(ots) - Integration ist (...) auch und vielleicht sogar
maßgeblich eine Frage von Flexibilität, Witz und Gefühl. Bis sie die
Religionsfreiheit berührt, doch auch da dehnen sich die Ränder. Mögen
wenige muslimische Eltern eisern bis vor die Gerichte ziehen, wie
jetzt im hessischen Falle vor dem Verwaltungsgericht geschehen, um zu
verhindern, dass ihre Mädchen in den Turn- oder Schwimmunterricht
gehen oder bei Klassenfahrten im Landschulheim übernachten: Die
Schulen zeigen sich innovativ (man wünschte sich dies generell bei
allen schulischen Belangen!) und bieten Ganzkörperschwimmanzüge an
oder dass Eltern ihre Mädchen abends aus den Landschulheimen abholen
können.
Ist dies falsch verstandene Toleranz? Eher doch Entgegenkommen.
Härte und Prinzipialismus bringen manchmal einfach nicht weiter.
Dafür gibt es (...) die Gerichte, und die entscheiden, wie in diesem
Falle, oft für die Schulpflicht als letzte Referenz statt einer dann
doch allzu separatistischen Freiheit. Schließlich weiß man, dass der
Impuls der Teilhabe von den Kindern selbst ausgeht. Sie wollen
mitmachen. Also wie? Neoprenanzüge oder leichte Ganzkörperbekleidung
zu tragen ist auch gut gegen Chlorallergien, und davon sind viele
Kinder betroffen, also bricht man sich keinen Zacken aus der Krone.
In früheren Jahren schwammen muslimische Mädchen oft in ihren
Kleidern, bis die Wollfussel die Abflüsse zu verstopfen drohten.

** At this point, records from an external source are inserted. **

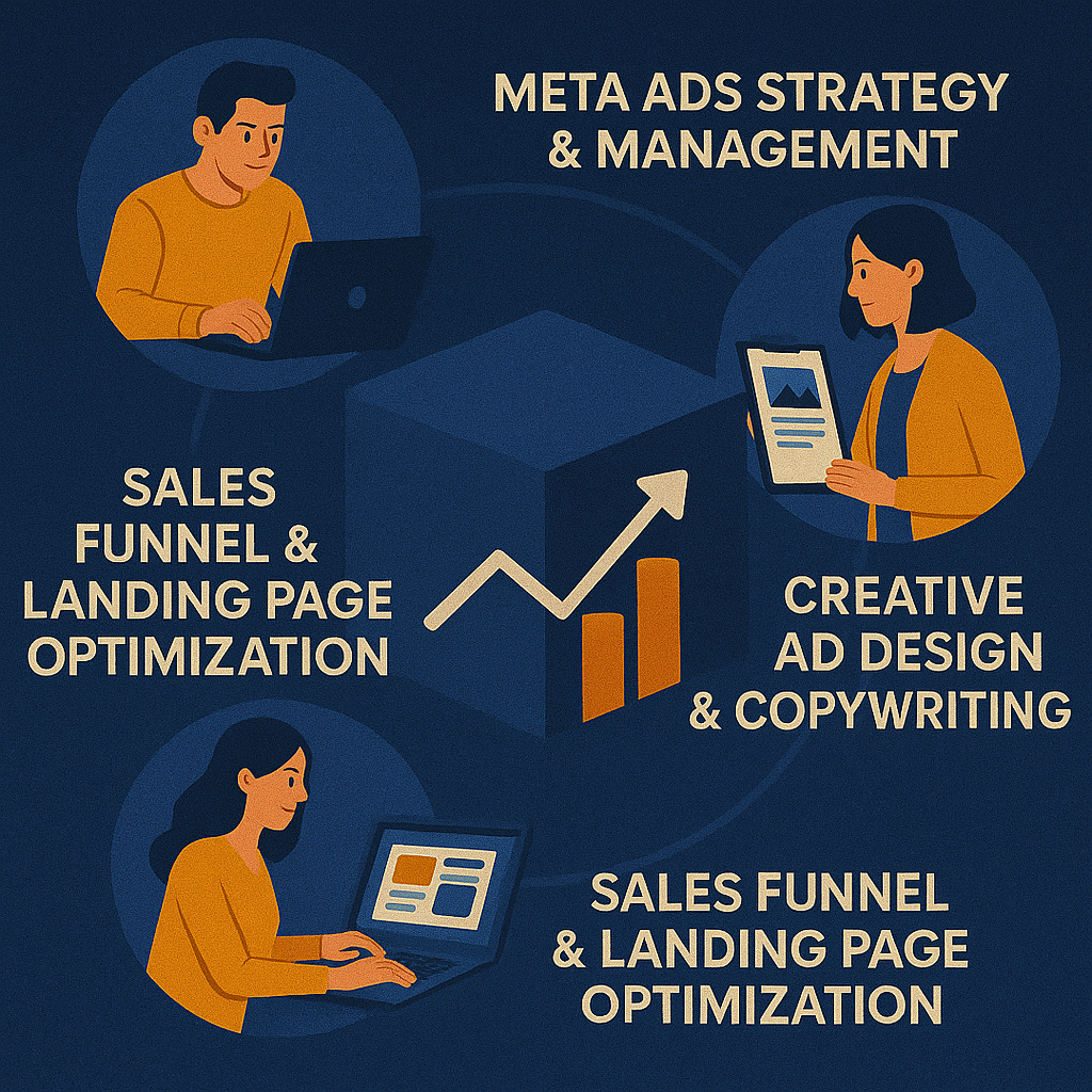 When you partner with ADB Media Solutions, we dive deep into your brand, goals, and audience to craft a custom growth plan that’s built to scale. From expert Meta ad strategy and world-class creative to optimized funnels that convert, we handle everything — so you can focus on running your business while we focus on driving measurable results.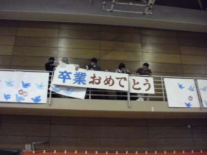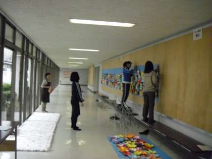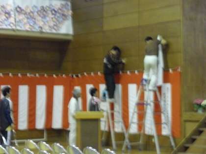 午後は全員で卒業式準備です。中学校の体育館に装飾をします。全員が分担にそってっ協力して取り付けます。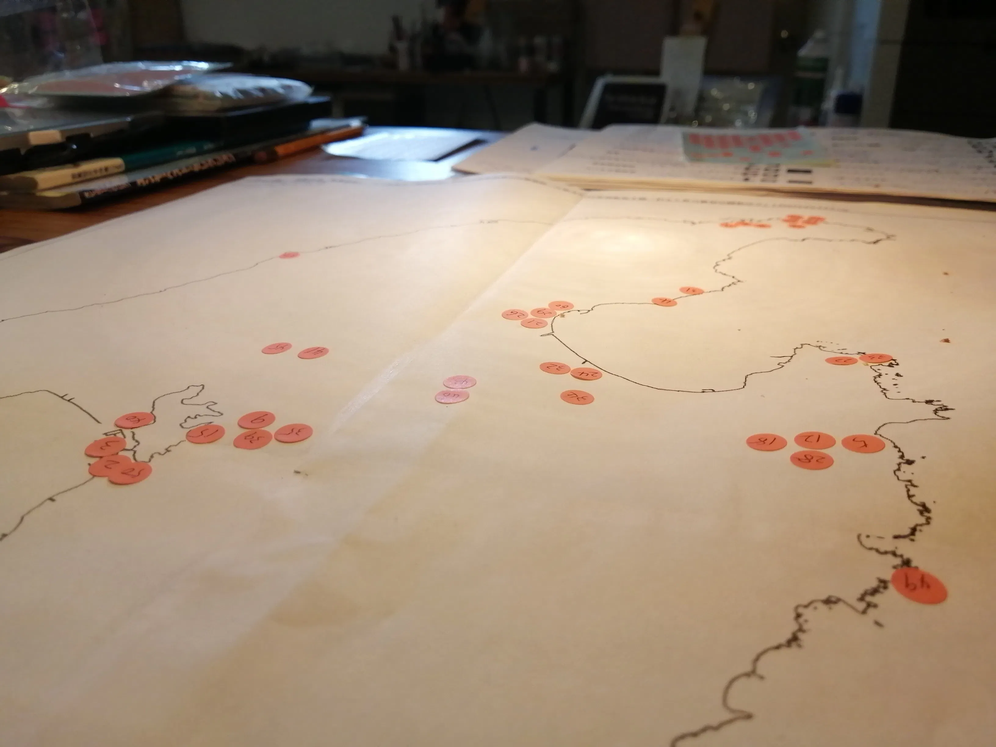 やりたいことはどんな分布になるのか?白地図に1〜50を貼ってみました。(写真)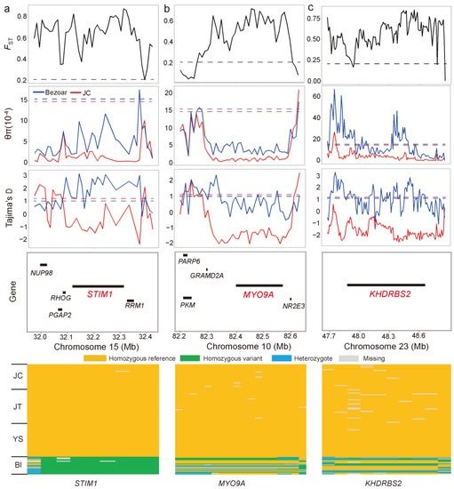 To accurately search for positive selection signatures in JC goats, we applied iHH12 scores and FST (JC vs. Bezoars) with a threshold of top 0.5% of windows (i.e., iHH12 > 7.10 and FST > 0.68) (Figure 4c and Supplementary Materials Figure S5), in addition to ROH islands. Accordingly, we identified a total of 61 positively selected genes (PSGs, Supplementary Materials Table S8), which were significantly enriched in 384 GO biological processes (p < 0.05). Many GO terms were immune related, such as the regulation of alpha-beta T cell proliferation (2 PSGs, CD274 and JAK2), alpha-beta T cell activation (3 PSGs, MTOR, CD274, and JAK2), and immune system development (6 PSGs, e.g., MTOR, CD274, and KIT) (Supplementary Materials Table S9). According to their biological functions and the distributions of SNPs within the corresponding regions across the sampled goat populations, several genes may be relevant for important traits in JC goats. For example, FST was very high (average windowed FST = 0.74) in the genomic region encompassing STIM1 at 32,118,087–32,314,109 bp on Chromosome 15, which was supported by lower values of π (average π = 1.40 × 10−4) and Tajima’s D (average value = −0.84) (Figure 5a). There were 333 biallelic SNPs within the STIM1 gene, among which 184 SNPs, including one missense substitution (c.5G > C, p.Arg2Pro; chr15:32,230,281) in exon 1, were fixed for the reference allele in JC goats. Strikingly, eight SNPs were fixed for the reference alleles in all 111 domestic goat samples, while the mutant alleles at these SNPs reached fixation in Bezoars (Figure 5a and Supplementary Materials Table S10). As shown in Figure 5b, the MYO9A gene (Chromosome 10: 82,392,953–82,577,244 bp) was under strong selection (average windowed FST = 0.71), which also showed lower π and Tajima’s D values. Overall, 18 SNPs in MYO9A are fixed for the reference alleles in the three black breeds (Figure 5b and Supplementary Materials Table S10). In addition, KHDRBS2 (Chromosome 23: 47,871,981–48,673,939 bp) fell in a clear selective sweep that contained some windows with extremely low Tajima’s D values (average value = −1.62) (Figure 5c). The reference alleles at 10 SNP sites within KHDRBS2 reach fixation in all three black breeds (Figure 5c and Supplementary Materials Table S10).

Burkinis, wie man ironisch und auch ein wenig verharmlosend sagt,
sind in muslimischen Ländern Mode geworden. Läge Afghanistan am Meer,
die Frauen würden glatt mit der Burka hineinspringen wie die
Palästinenserinnen am Strand von Gaza, die in Ganzkörperbedeckung ins
Wasser gehen, weil sie die Kraft des Wassers spüren und die
Schwerelosigkeit - vorausgesetzt, man kann schwimmen und geht nicht
unter. Erst die Zehen, dann der große Platscher. Warum darüber Worte
verlieren? Weil auch die Europäer zu Beginn der bürgerlichen
Gesellschaft schwimmen lernen mussten. Schwimmen ist eine große
Allegorie auf Freiheit. Heute sollten alle Frei-Schwimmer sein, um im
gemeinsamen Fluss des Lebens nicht unterzugehen.